Het vliegtuig uit Visby landde op Bromma met een kleine vertraging vanwege ijs op de vleugels, dat eerst verwijderd had moeten worden. Knutas nam een taxi rechtstreeks naar de anorexiakliniek. Het was een grijze, bewolkte ochtend en het was bijtend koud. Er stond een ijzige noordenwind. Hij liep snel door de deuren van de ingang en wist na een wat verdwaald heen en weer lopen de kliniek te vinden, die zich in een heel ander gedeelte van het gigantische ziekenhuiscomplex bevond. In de lift schoot hem te binnen dat hij eerst had moeten bellen. Maar ach, wat ook, hij was hier nu.
Toen hij de afdeling naderde, werd hij tegengehouden door een glazen deur. Bij de deur zat een bel, hij drukte erop. Een vrouw keek wie er had aangebeld en blijkbaar werd hij goedgekeurd. Een zacht zoemen, toen kon hij de deur openen.

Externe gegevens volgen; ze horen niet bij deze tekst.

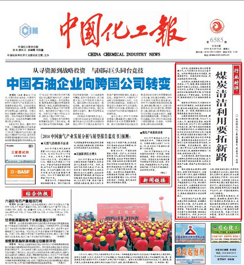 中國化工報(bào):2014年3月19日 第一版
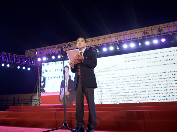 9月13号晚, 2016级新生开学典礼在安吉校区举行。校党政班子成员、安吉县委、县政府领导出席出席典礼。校党委副书记赵东福、2014本科生李寰同学主持典礼。
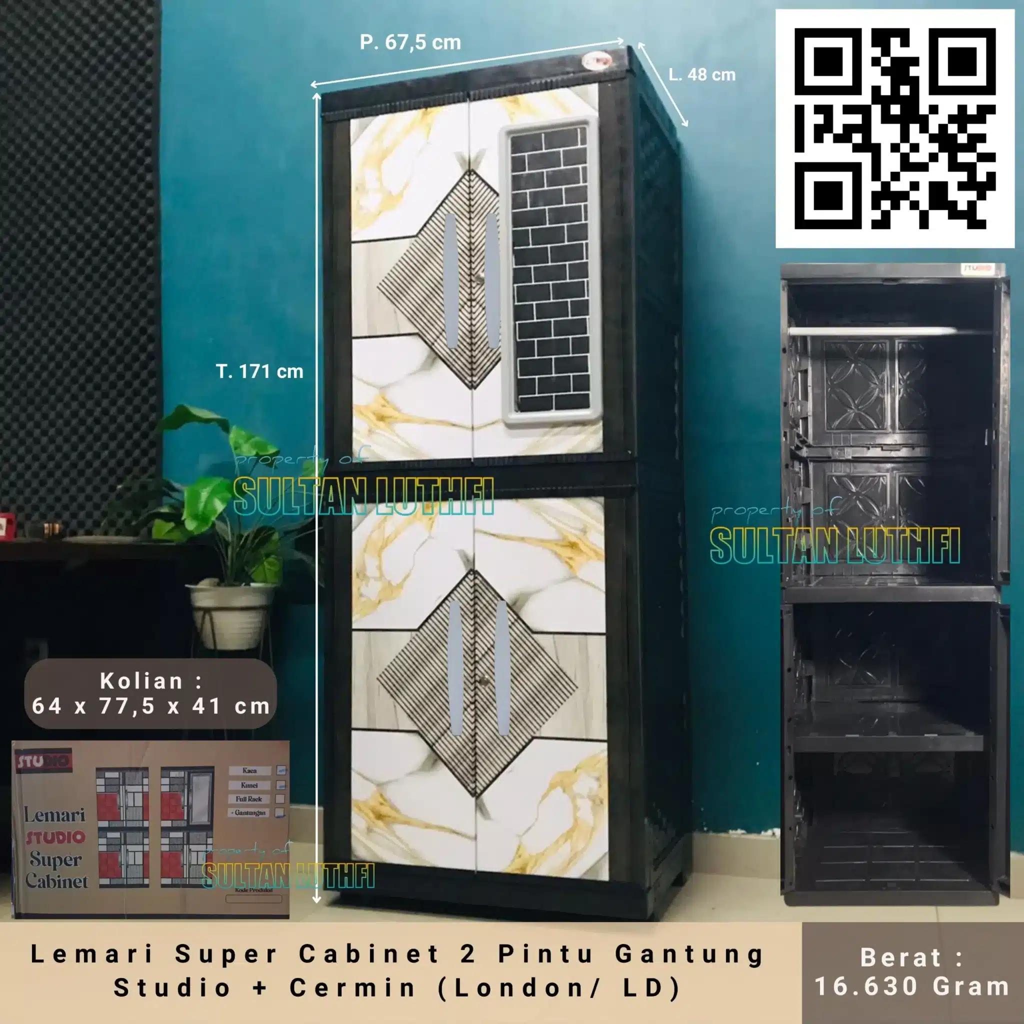 – Pintu tebal, engsel kokoh, kaki lemari yang kuat dan terdapat cermin yang luas
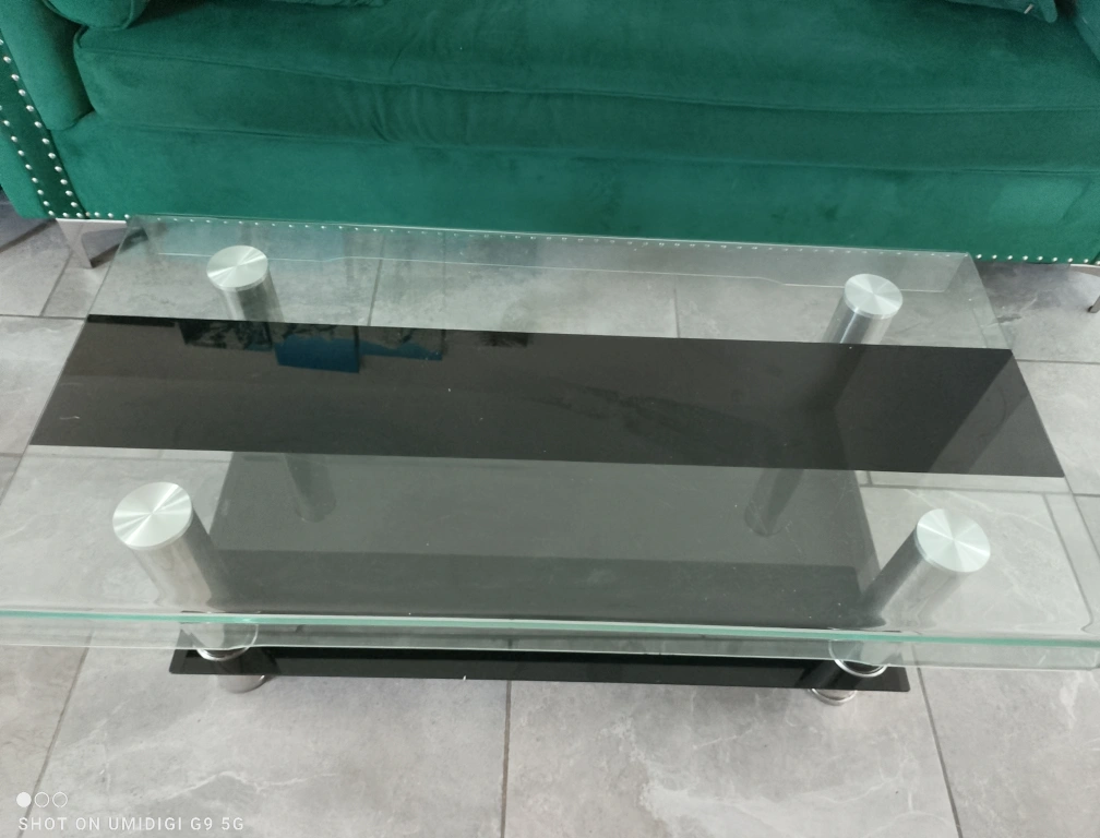Selling a coffee table with a glass top and a black stripe in the middle! It has silver legs and is in good condition

De vrouw kwam onmiddellijk op hem af lopen en stelde zich voor als afdelingshoofd Vanja Forsman. Haar blik was onrustig en Knutas toonde snel zijn politielegitimatie.
‘Dag, ik ben Anders Knutas van de politie in Visby. Het gaat om een persoon die bij jullie is opgenomen, Agnes Karlström.’
Vanja Forsman zag eruit alsof ze elk moment kon flauwvallen.
‘Agnes,’ herhaalde ze met een zwakke stem. ‘Dat de politie nu al… Heeft iemand gebeld? Politie in Visby?’
Ze boog naar voren en bekeek de legitimatie nog eens goed.
Knutas bleef staan en keek de vrouw niet-begrijpend aan.
‘Sorry, maar nu begrijp ik het niet goed. Ik weet dat ik had moeten bellen, maar het had nogal haast. Ik zou werkelijk heel graag onmiddellijk met Agnes willen praten als dat mogelijk is. Het gaat om een moordonderzoek.’
Vanja Forsman trok wit weg.
‘Een moordonderzoek? U wilt met Agnes praten… over een moordonderzoek?’
‘Ja, dat klopt,’ zei Knutas, opgelucht dat hij eindelijk begrepen was.
‘Maar dat gaat niet. Dat is in feite volstrekt onmogelijk.’
‘Onmogelijk?’
De onderlip van de vrouw begon te trillen.
‘We hebben net iedereen gewekt. We hadden afgesproken dat we iedereen die vannacht was opgebleven om het vuurwerk te zien, vandaag wat later zouden wekken. En Agnes… Agnes is er niet meer. Nog maar tien minuten geleden hebben we haar in bed gevonden. Dood.’